It may seem alien to be exercising your stomach muscles during pregnancy. I mean, there’s a baby growing in there. Will every sit-up squish the baby? Whereas it might not be possible to crunch as hard as it you could pre-pregnancy, it’s still possible for mamas to keep their core strength without impacting your baby. Let’s not start expecting six packs to spring up, but there are a wealth of benefits to improving and maintaining core strength during pregnancy.
In this excerpt from Mama You’ve Got This, an honest guide to pregnancy, Melissa Schweiger Kleinman, puts mamas minds at rest and keep their tummies in shape.
Doing abdominal exercises while you’re harbouring a fugitive inside your tummy can seem like the ultimate twist of irony. You may not be rewarded with a perfect six pack but tummy strengthening exercises can greatly improve your ability to push during labour, as well as help keep your belly in shape for an easier road back to a trim middle. Another major benefit to strong abs during pregnancy that is they can help to alleviate some of that godawful back pain you might find yourself with whilst carrying around a baby in your belly.
Can you still do sit ups whilst pregnant?
Strengthening your core during pregnancy does require some modifications though. You should not be doing the same crunches you did at the gym prior to getting pregnant. Laying flat on your back, especially after the first trimester, is not a good idea as your enlarged uterus could possibly interfere with the vena cava, the vein that brings blood to your heart.

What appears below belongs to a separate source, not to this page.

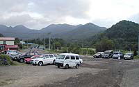 ![]() 夕方5時過ぎてもお客様が絶えない。いつの間にか駐車場(左写真)の車も増える。 無事だった大広間(右写真)で休憩されるお客様。 |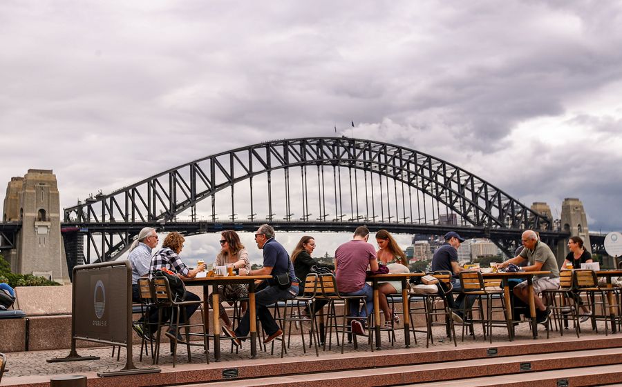 Tourists enjoy their leisure time near the Sydney Harbor Bridge in Sydney, Australia, March 10, 2020. (Xinhua/Bai Xuefei)

Try using a pillow or something to prop your head above your heart while doing your core work.
Another thing to look out for is abdominal separation, which is a widening gap between the left and right sides of your abdominal muscle, that sometimes happens when your baby grows. While abdominal separation is typically not anything to get overly concerned about, it could put potential tension on the entire area and might require even further modifications on your exercise routine. Ask your doctor about this and they’ll be able to tell if you do indeed have it.
Here are some top pregnancy-friendly ab exercises. As always, speak to your doctor or midwife before embarking on a new exercise routine.
• Stand with your feet hip-width apart.
• Draw your belly button into your spine, tuck your pelvis slightly under and bring your fingertips to your ears.
• Crunch forward and squeeze your abdominal muscles (just like you would if you were lying on your back).
• Release with control.
• Lie on your back with your upper back, neck and head propped up above your heart.
• Place your palms on the ground along your sides for support.
• Bend both knees and bring your feet in toward your bum.
• Remain with the heel hovering above the ground and extend one leg at a time.
• Bring it back in to starting position.
• Repeat with alternate sides.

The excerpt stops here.